Your assignment:
Transcribe the listing in full, word for word; pictures do not belong in the copy.

Source material:
________________________

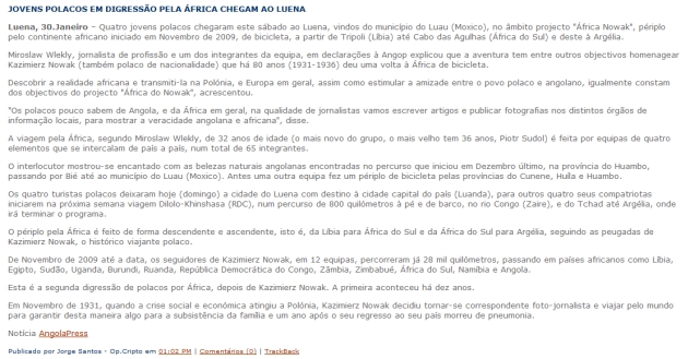 Internetowy dziennik „Leste de Angola”, powołując się na Angola Press, krajową agencję prasową, tak napisał o Afryce Nowaka 30 stycznia 2011 roku:
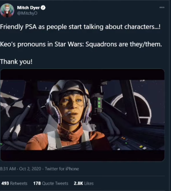 2. he wrote battlefront 2 as well. Both games have strong black women as the empire and the resistance is mostly aliens, one of them looks like a woman with bad tattooes whose pronouns are they/them.
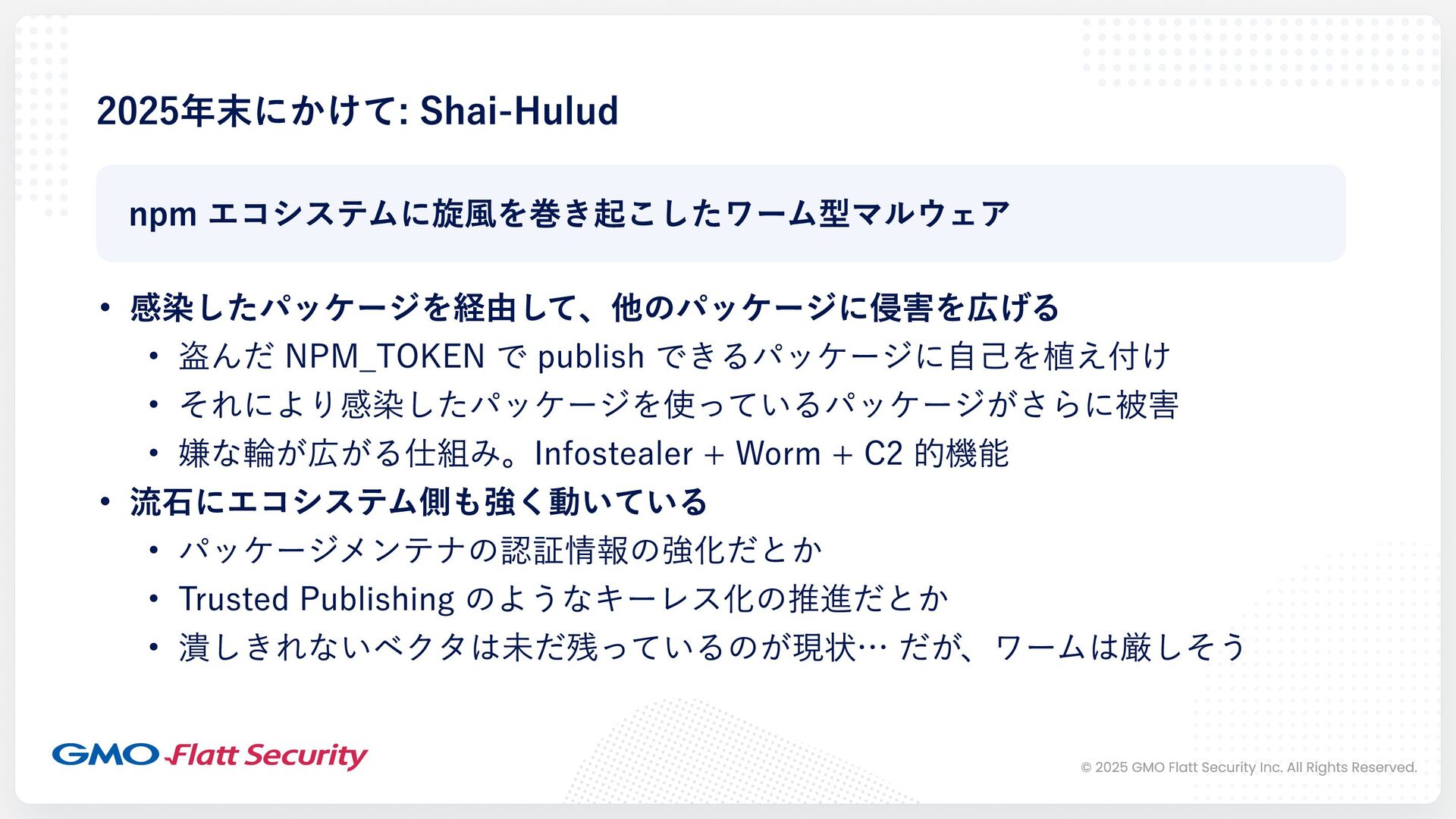 2025年末にかけて: Shai-Hulud npm エコシステムに旋風を巻き起こしたワーム型マルウェア 感染したパッケージを経由して、他のパッケージに侵害を広げる 盗んだ NPM_TOKEN で publish できるパッケージに自己を植え付け

________________________

Completed exercise:
 Internetowy dziennik „Leste de Angola”, powołując się na Angola Press, krajową agencję prasową, tak napisał o Afryce Nowaka 30 stycznia 2011 roku:
 2. he wrote battlefront 2 as well. Both games have strong black women as the empire and the resistance is mostly aliens, one of them looks like a woman with bad tattooes whose pronouns are they/them.
 2025年末にかけて: Shai-Hulud npm エコシステムに旋風を巻き起こしたワーム型マルウェア 感染したパッケージを経由して、他のパッケージに侵害を広げる 盗んだ NPM_TOKEN で publish できるパッケージに自己を植え付け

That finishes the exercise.